Yihan Zhang,My T. Thai,Jie Wu,Hongchang Gao
Abstract:Stochastic bilevel optimization finds widespread applications in machine learning, including meta-learning, hyperparameter optimization, and neural architecture search. To extend stochastic bilevel optimization to distributed data, several decentralized stochastic bilevel optimization algorithms have been developed. However, existing methods often suffer from slow convergence rates and high communication costs in heterogeneous settings, limiting their applicability to real-world tasks. To address these issues, we propose two novel decentralized stochastic bilevel gradient descent algorithms based on simultaneous and alternating update strategies. Our algorithms can achieve faster convergence rates and lower communication costs than existing methods. Importantly, our convergence analyses do not rely on strong assumptions regarding heterogeneity. More importantly, our theoretical analysis clearly discloses how the additional communication required for estimating hypergradient under the heterogeneous setting affects the convergence rate. To the best of our knowledge, this is the first time such favorable theoretical results have been achieved with mild assumptions in the heterogeneous setting. Furthermore, we demonstrate how to establish the convergence rate for the alternating update strategy when combined with the variance-reduced gradient.
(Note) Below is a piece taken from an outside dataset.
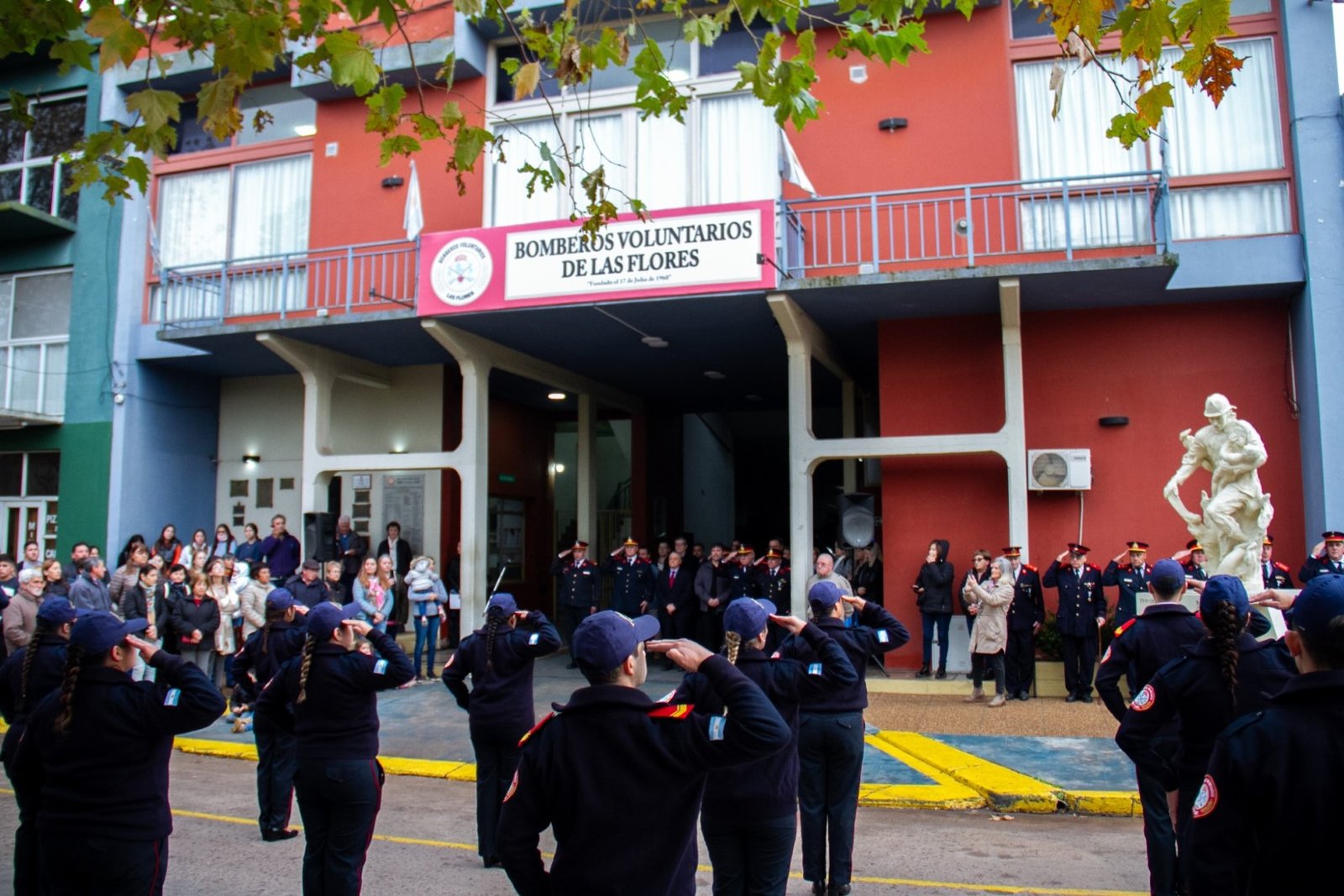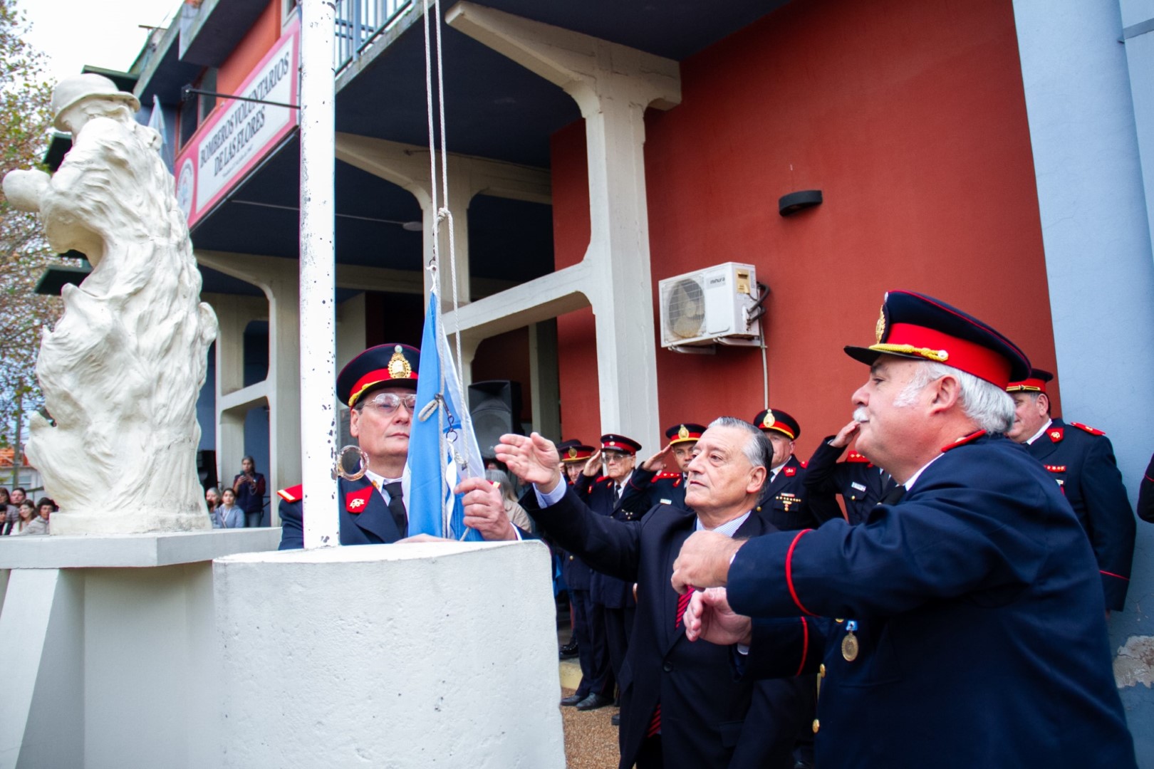 Se homenajeó a quienes ya no están con un minuto de silencio y se colocó una ofrenda floral en el monumento al Bombero.

Finally, experimental results confirm the efficacy of our algorithms.
Machine Learning,Distributed, Parallel, and Cluster Computing,Optimization and Control
What problem does this paper attempt to address?
This paper attempts to solve several key problems in decentralized bi - level stochastic optimization algorithms in heterogeneous settings:
1. **High communication complexity**: Existing decentralized bi - level optimization algorithms in heterogeneous environments usually require a large number of communication rounds and high communication costs per round. For example, existing methods such as DSBO and Gossip - DSBO need to communicate in the inner loop, resulting in the number of communication rounds being the same as the iteration complexity, that is, \(O\left(\frac{1}{\epsilon^2}\log\frac{1}{\epsilon}\right)\). Moreover, these methods need to transmit the Hessian matrix or Jacobian matrix in each round of communication, resulting in a communication cost of \(O(d_y^2)\) or \(O(d_xd_y)\) per round.
2. **Strong assumptions in convergence analysis**: Existing methods usually need to rely on some strong assumptions to limit heterogeneity when establishing theoretical convergence rates. For example, DSBO requires that the upper - level loss function is Lipschitz continuous with respect to \(x\), that is, \(\|\nabla_1 f^{(k)}(x,y)\|\leq c_{fx}\), and Gossip - DSBO also requires that the lower - level loss function is Lipschitz continuous with respect to \(y\), that is, \(\|\nabla_2 g^{(k)}(x,y)\|\leq c_{gy}\). These assumptions may not hold in practical applications.
3. **Challenges of the alternating update strategy**: Since there are two variables \(x\) and \(y\) in bi - level optimization, there are two strategies: simultaneous update and alternating update. In a heterogeneous environment, the alternating update strategy will introduce more challenges. Specifically, when using the alternating strategy to update \(x_t\) and \(y_t\), first update \(y_t\) to \(y_{t + 1}\), and then use \(y_{t+1}\) to calculate the gradient of \(x_t\), which may lead to more heterogeneous gradients and thus affect convergence.
To solve these problems, this paper makes the following contributions:
- **Develop a new decentralized bi - level stochastic gradient descent algorithm DSVRBGD - S**, based on the simultaneous update strategy and variance - reduced gradient estimators, which can reduce the number of communication rounds and the communication cost per round. Specifically, the communication cost per round is only \(O(d_x + d_y)\), and the number of communication rounds can be as small as \(O\left(\frac{1}{K\epsilon^{3/2}}\right)\). To the best of the authors' knowledge, this is the first method to achieve such a low communication complexity in a heterogeneous environment.
- **Establish the theoretical convergence rate of the algorithm** without relying on any strong heterogeneity assumptions, and analyze in detail the impact of additional communication on the convergence rate, especially the dependence of the convergence rate on the spectral gap of the communication topology. This is the first time to achieve such favorable theoretical results in a heterogeneous environment.
- **Develop another new decentralized bi - level stochastic gradient descent algorithm DSVRBGD - A**, based on the alternating update strategy and variance - reduced gradient estimators, which also has a low communication complexity. In addition, its theoretical convergence rate is also established. This is the first time to establish the convergence rate of the alternating variance - reduced gradient descent method in a heterogeneous environment.
Through these contributions, this paper not only achieves more efficient communication in algorithm design, but also solves the problems existing in existing methods in theoretical analysis, filling the gaps in the literature.